Vail saw eight inches of new snow on Saturday, but it still wasn’t enough to open the vast majority of the mountain. Ski industry woes aside, state water watchers and firefighters are nervously eyeing the miniscule mountain snowpack, which supplies so much of the water used by Front Range cities. As of Dec. 30, snowpack in the Colorado River basin was 44 percent of last year’s record level and just 63 percent of the annual average.
“[The drought] will make the beetle epidemic even more severe,” said state Sen. Gail Schwartz, a Snowmass Democrat who’s introducing a bill in the legislative session starting Wednesday that’s aimed at reducing the fire danger from a mountain pine bark beetle epidemic that has killed millions of acres of Colorado lodgepole pines. “What doesn’t burn down will blow down.”
But just as it lacked scientific validity to point to Vail’s record 525 inches of snowfall last season as proof that climate change is a hoax (which many conservatives gleefully did), ski industry experts say it’s wrong to totally blame the current drought (just 88 inches so far at Vail) on human-caused heating of the planet.
“You can’t take weather, which is what we’re experiencing, and make deductions about climate, which is the long-term trend,” said Auden Schendler, vice president of sustainability at Aspen Skiing Company, which is suffering through an equally dry season. “But you don’t need to, really. All you need to do is look up the GISS (Goddard Institute for Space Studies) NASA global temperature anomaly maps of the world and look at December. It’s insane, and each decade gets hotter.”
Still, it’s turned into the kind of summer-like ski season in the Rocky Mountain West that the new Mitt Romney – the front-running GOP presidential nominee Romney – should love. Not the 2002 version who turned a profit with the Salt Lake City Winter Olympics and as recently as June said, “I think it’s important for us to reduce our emissions of pollutants and greenhouse gases that may well be significant contributors to the climate change and the global warming that you’re seeing.”

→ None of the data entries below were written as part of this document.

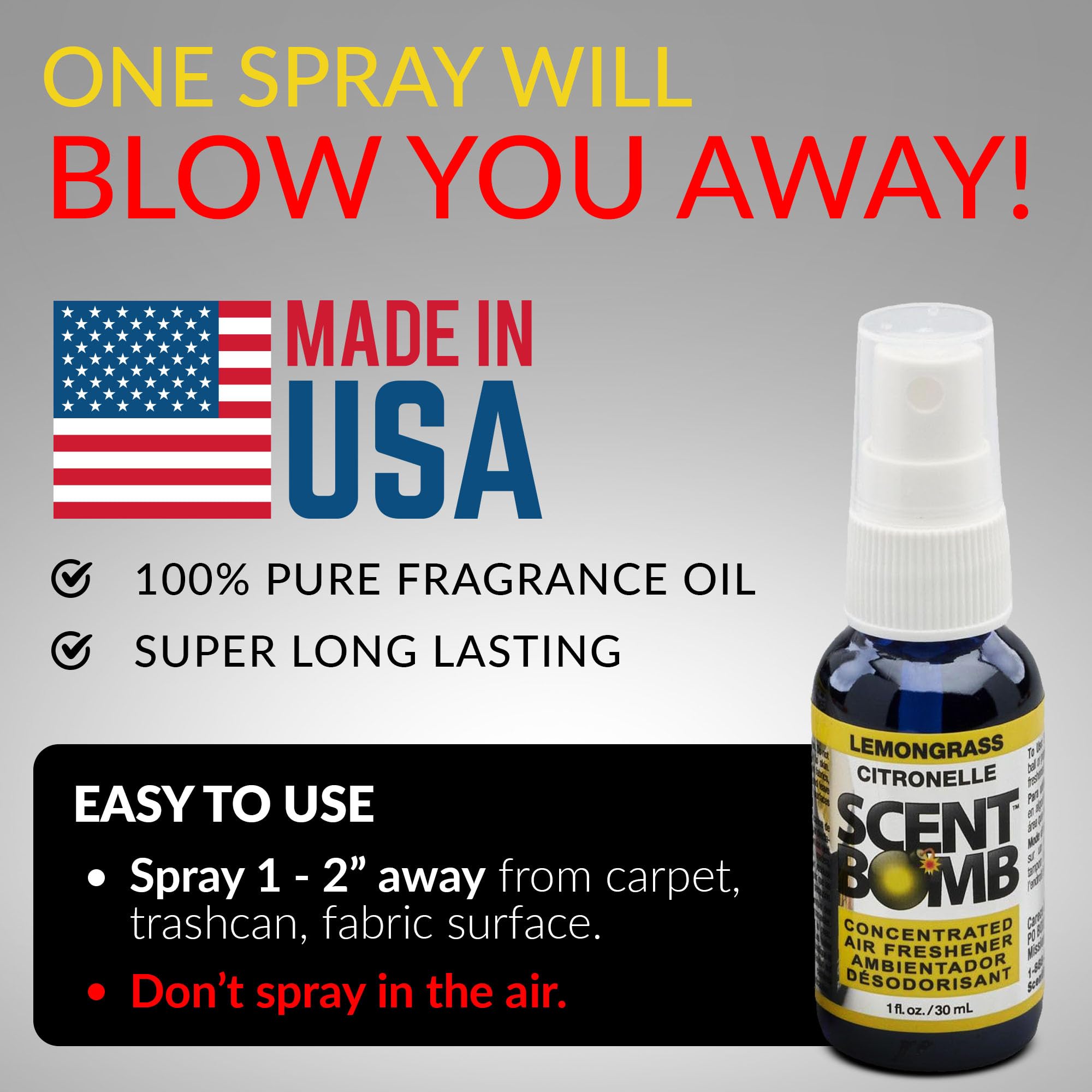 EFFORTLESS FRESHNESS: Achieve a refreshingly clean atmosphere with just one quick spray. Scent Bomb combines powerful odor-fighting capabilities with sophisticated scents, making it easy to maintain a welcoming ambiance with minimal effort.
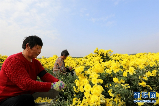近年来,河南省焦作市温县积极引导农民因地制宜种植怀菊花、怀山药等“四大怀药”,带动农户增收致富。新华网发(徐宏星 摄)
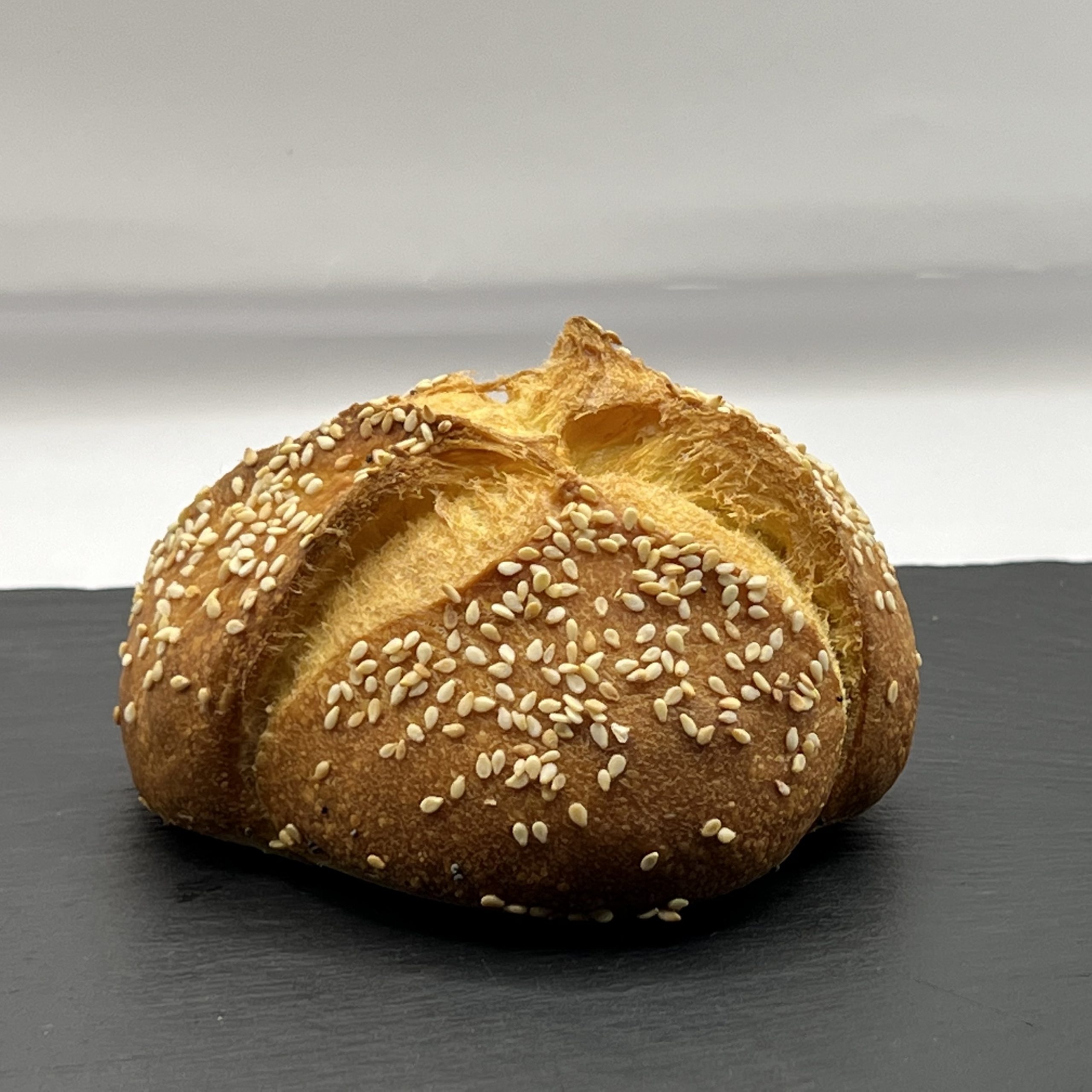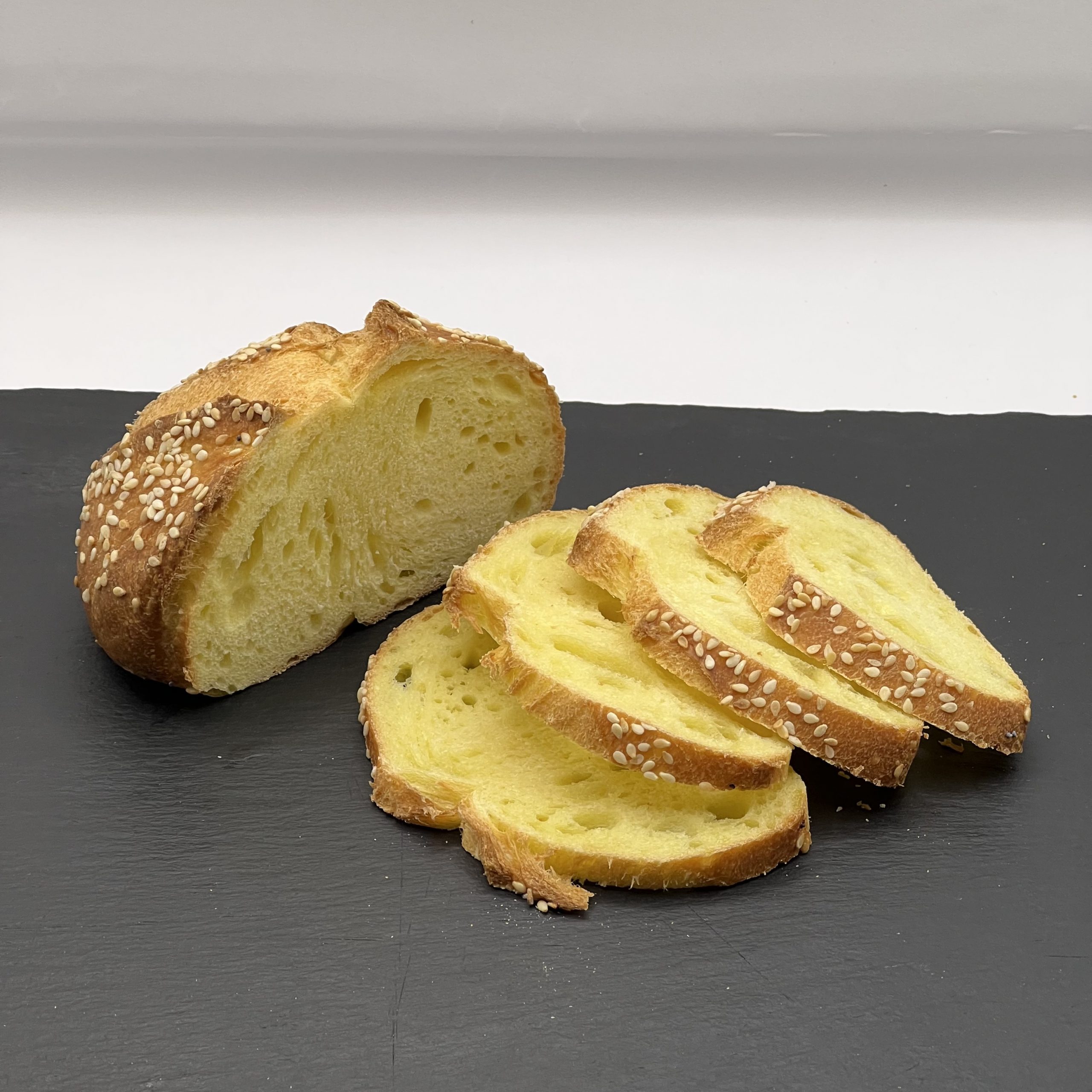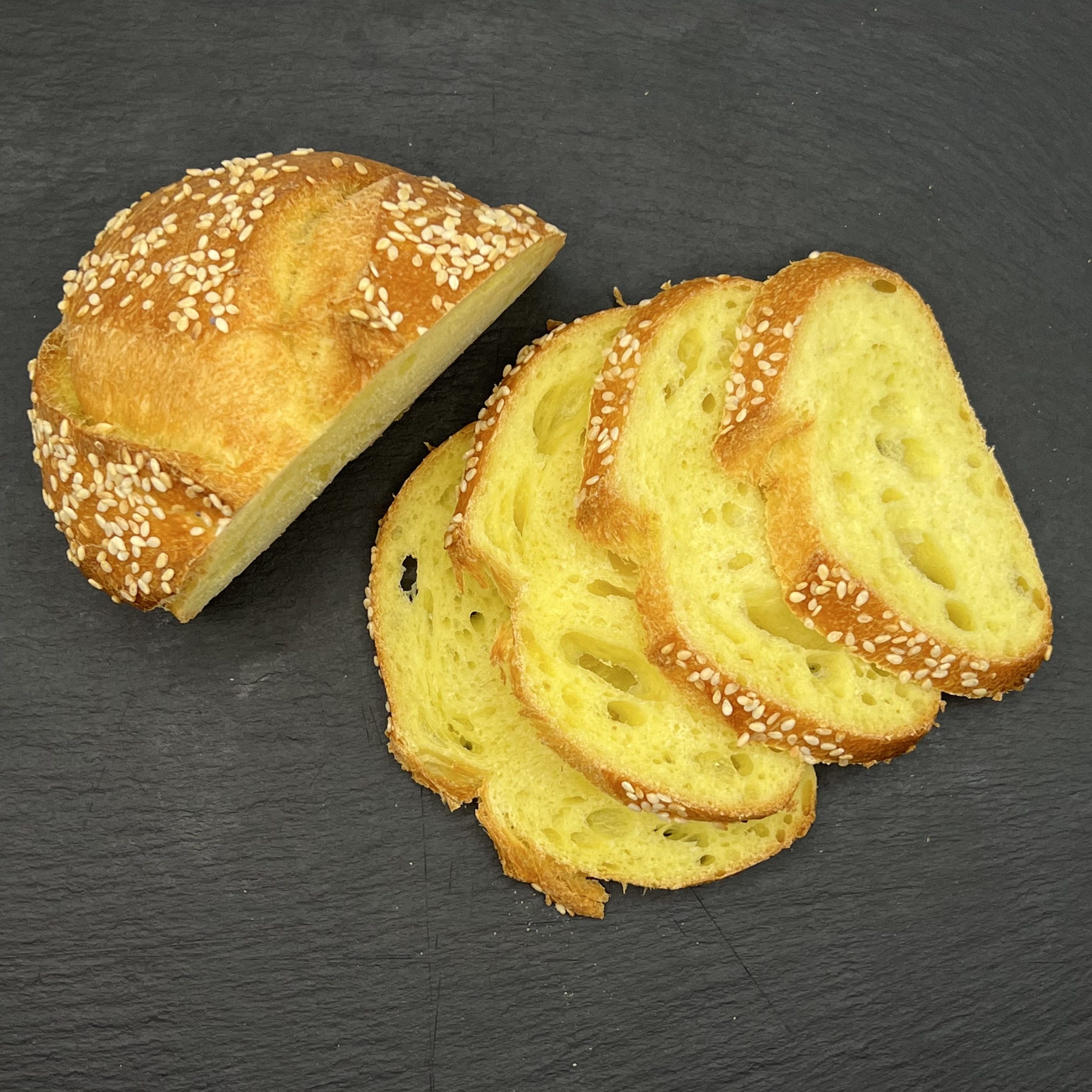 Склад: борошно пшеничне вищого ґатунку, пшенична закваска, яйця курей вільного випасу, оливкова олія холодного пресування, сіль морська, цукор, кунжут.

Rather, the sizzling December in the Rockies must have warmed the heart of the new pandering-to-conservatives Romney – the one who’s going for a gold medal in flip-flopping by saying just a few months later in October, “My view is that we don’t know what’s causing climate change on this planet. And the idea of spending trillions and trillions of dollars to try to reduce CO2 emissions is not the right course for us.”
But as far as the current conditions, Aspen’s Schendler again emphasizes climate change should not be blamed for the current drought but instead is behind longer term trends like a generally drier American West – one that is more susceptible to water shortages and wildfire.
“It’s key to remember that warming might actually bring bigger storms to the Rockies due to there being more moisture in the air,” Schendler said. “At the same time, because the atmosphere can hold more water, it can suck the land dry of more water than before.”
Schendler says the biggest impact of climate change for the ski industry may be significantly shorter ski seasons.
“The thing to look at — and we’re seeing this trend — is when runoff happens,” he said. “When spring comes, both are happening much earlier, because Colorado has warmed, and warmed disproportionately to the rest of the U.S.”
The last time Colorado’s high country was even close to this dry in mid-winter was during the 2001-02 ski season, which was followed by the worst wildfire season in the state’s history. June of 2002 saw the massive Hayman Fire scorch nearly 138,000 acres of land in the mountains southwest of Denver, darkening Front Range skies and loading key water storage facilities with debris from subsequent erosion.
NASA’s James Hansen, one of the world’s leading climatologists, recently issued a report tying last summer’s massive wildfires in Texas and the 2010 wildfires in Russia to global warming.
“Hansen argues that climate ‘loads the dice,’” Schendler said. “So in an average year you might have a one in six chance of extraordinarily hot weather or a super-violent storm. But in the climate-changed world in which we live, the odds change to something new — perhaps two in six.”